# Get rid of that floaty feeling?



## Lazarus_023 (Jun 3, 2003)

so how do i get rid of the annoying lift i get at about 100 mph?

any o' j00s guys with lowering kits still have that?
how 'bout "aero" kits?

NOTE: if you didn't notice any lift BEFORE installing your goodies, i do NOT want your opinion.


----------



## sr20dem0n (Mar 19, 2003)

Well I had that lift and it was so damn annoying it was part of the reason I got my springs (Progress). They killed some of it, I'd say about half...I'm about 90% sure that new rims/tires would kill the other half of that floaty feeling. It's just so unsettling, kind of like you're drunk or "disconnected" from the road. After I get my rims and tires I'll post again with impressions


----------



## Lazarus_023 (Jun 3, 2003)

sr20dem0n said:


> *After I get my rims and tires I'll post again with impressions *


k.


----------



## Guest (Jun 12, 2003)

while dropping the car to avoid getting to much air under it will of course help to keep it stable but it would help even more if we could just get a decent looking lip spoiler to keep the air from going under the car and causing so much lift to occur in the first place.


----------



## V Dude (Oct 22, 2002)

I'd get the NISMO springs and shocks.


----------



## olsaltybastard (May 11, 2003)

Of course, you may go the cheapest route and HIT THE BRAKES!! See?
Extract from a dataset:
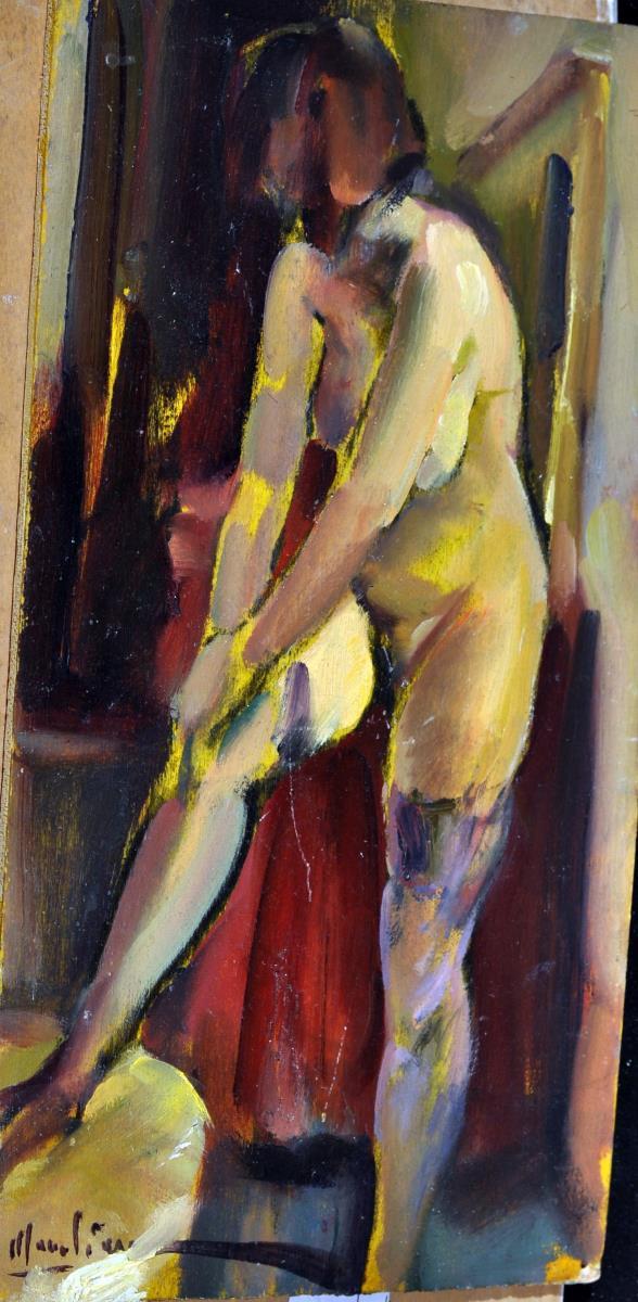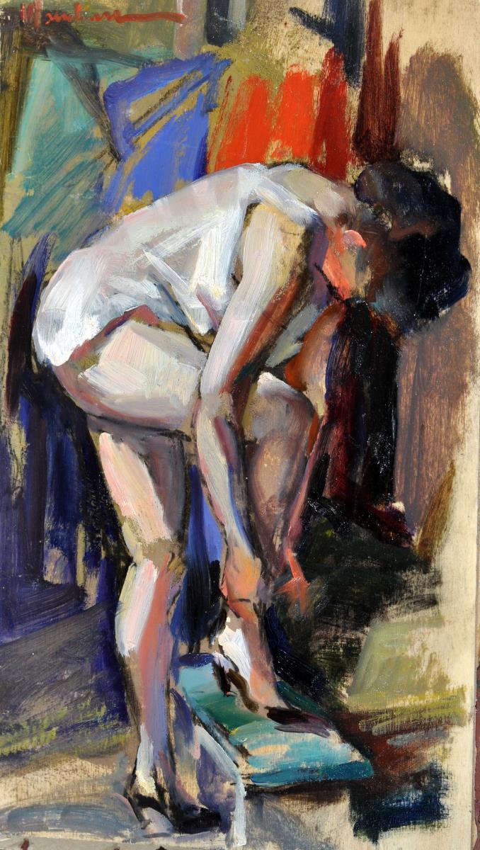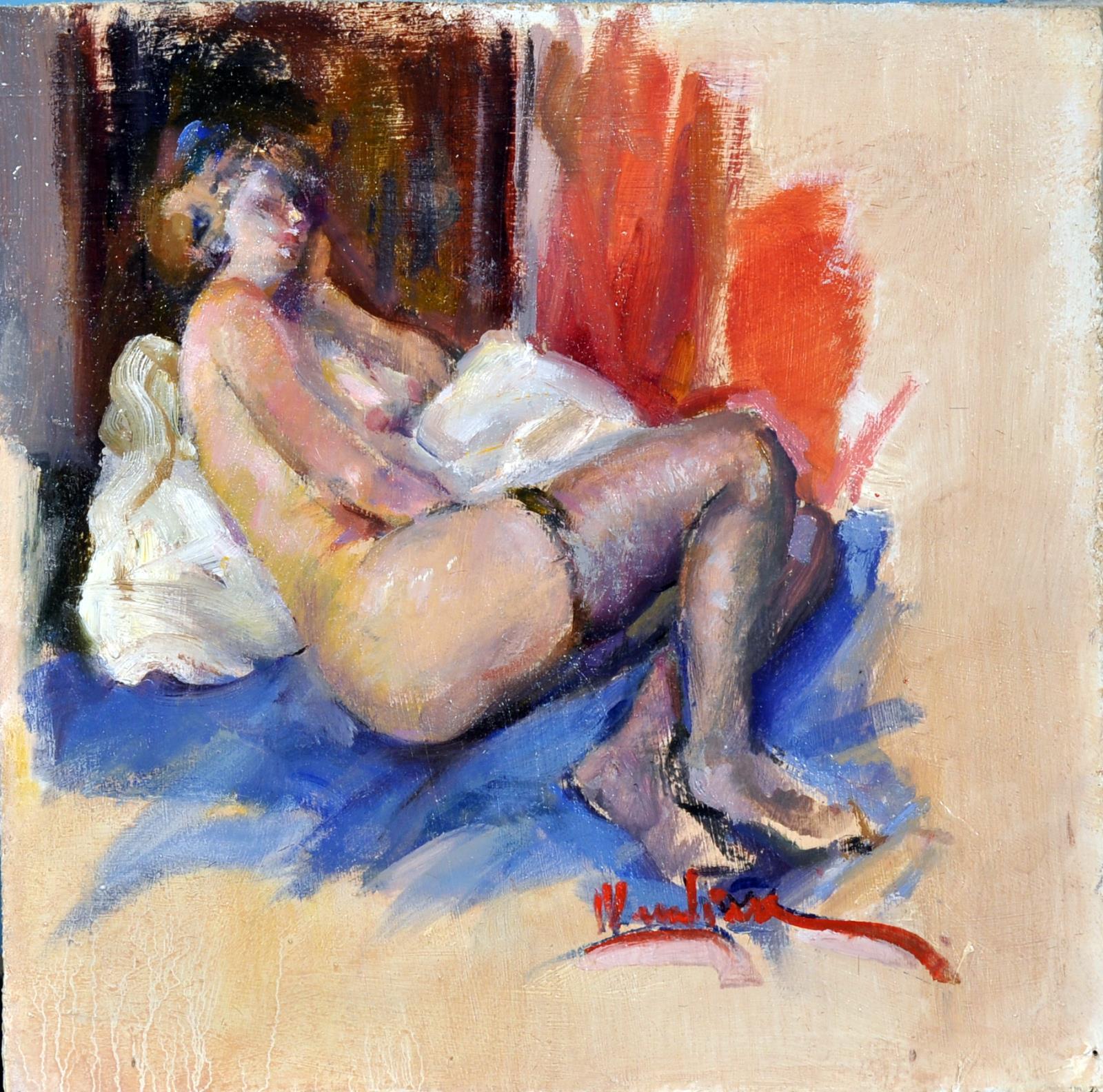 Lambiase WalterLambiase Walter (Cava dei Tirreni, SA 1925 - Napoli 2004) Nudo disteso olio su masonite, cm 28,5x29,5 firmato in basso a destra: W. Lambiase a tergo firma e timbro dell'artista

At 50 mph, no floaty feeling!!! (Yeah, I'm being a smart-alec.) Let us know what you do when you find out how to cure this.


----------



## germex (Jan 15, 2003)

Lazarus_023 said:


> *so how do i get rid of the annoying lift i get at about 100 mph?*


----------



## tekmode (Feb 22, 2003)

V Dude said:


> *I'd get the NISMO springs and shocks. *


not worth $1000, its only like 1" drop front and back. You can get tien basics for cheaper and they are adjustable height.


----------



## Lazarus_023 (Jun 3, 2003)

olsaltybastard said:


> *Of course, you may go the cheapest route and HIT THE BRAKES!! See? At 50 mph, no floaty feeling!!! (Yeah, I'm being a smart-alec.) Let us know what you do when you find out how to cure this. *


brakes?! this thing has BRAKES?!


----------



## Scissors (Mar 24, 2003)

For a true floaty feeling, try a Mitsubishi Gallant at about 70 MPH. Damn thing feels like it's about to take off.


----------



## Lazarus_023 (Jun 3, 2003)

Scissors said:


> *For a true floaty feeling, try a Mitsubishi Gallant at about 70 MPH. Damn thing feels like it's about to take off.  *


or a '95 dakota sport V8 at 125... or a '76 buick estate 455 at 130... no thanks, i'll pass. i just want to tone my car down so's i can hit the fast curves a little more precisely.


----------



## UofLsentra (May 25, 2003)

"For a true floaty feeling" pull the e-brake in the rain... yahooooooooooooooooooooooooooooooooooo!!!!!!


----------



## chimmike (Oct 17, 2002)

Lazarus_023 said:


> *so how do i get rid of the annoying lift i get at about 100 mph?
> 
> *



simple, don't drive 100mph


----------



## sr20dem0n (Mar 19, 2003)

*Re: Re: Get rid of that floaty feeling?*



chimmike said:


> *simple, don't drive 100mph  *


certainly a valid solution


----------



## Scott (Apr 15, 2002)

UofLsentra said:


> *"For a true floaty feeling" pull the e-brake in the rain... yahooooooooooooooooooooooooooooooooooo!!!!!! *




If you don't have something to contribute STFU.


----------



## Lazarus_023 (Jun 3, 2003)

*Re: Re: Get rid of that floaty feeling?*



chimmike said:


> *simple, don't drive 100mph  *


not an option.


----------



## Lazarus_023 (Jun 3, 2003)

UofLsentra said:


> *"For a true floaty feeling" pull the e-brake in the rain... yahooooooooooooooooooooooooooooooooooo!!!!!! *


actually, i'm a little... wait. MORE than a little disappointed in the functionality of the parking brake in this thing...


----------



## sr20dem0n (Mar 19, 2003)

my parking brake works fine, I went out and did donuts in a parking lot the last time it rained here. Worked like a charm


----------



## Lazarus_023 (Jun 3, 2003)

sr20dem0n said:


> *my parking brake works fine, I went out and did donuts in a parking lot the last time it rained here. Worked like a charm *


----------



## tekmode (Feb 22, 2003)

sr20dem0n said:


> *my parking brake works fine, I went out and did donuts in a parking lot the last time it rained here. Worked like a charm *


wasn't this posted in another thread too?


----------



## sr20dem0n (Mar 19, 2003)

yeah I posted it in the parking brake thread too

there was about a 2 week gap between the posts though


----------



## chrispy (Jun 26, 2003)

definitly the suspension would help, you should also check tire pressure, it needs to be at 34 or 35 cold, but as with any car it will likely have some floatyness too it, cause, thats what its doing

does anyone have access to a full blown wind tunnel with floor scales, i, and a aero engineer friend could probably manufacture a front spoiler of sorts to help with it. 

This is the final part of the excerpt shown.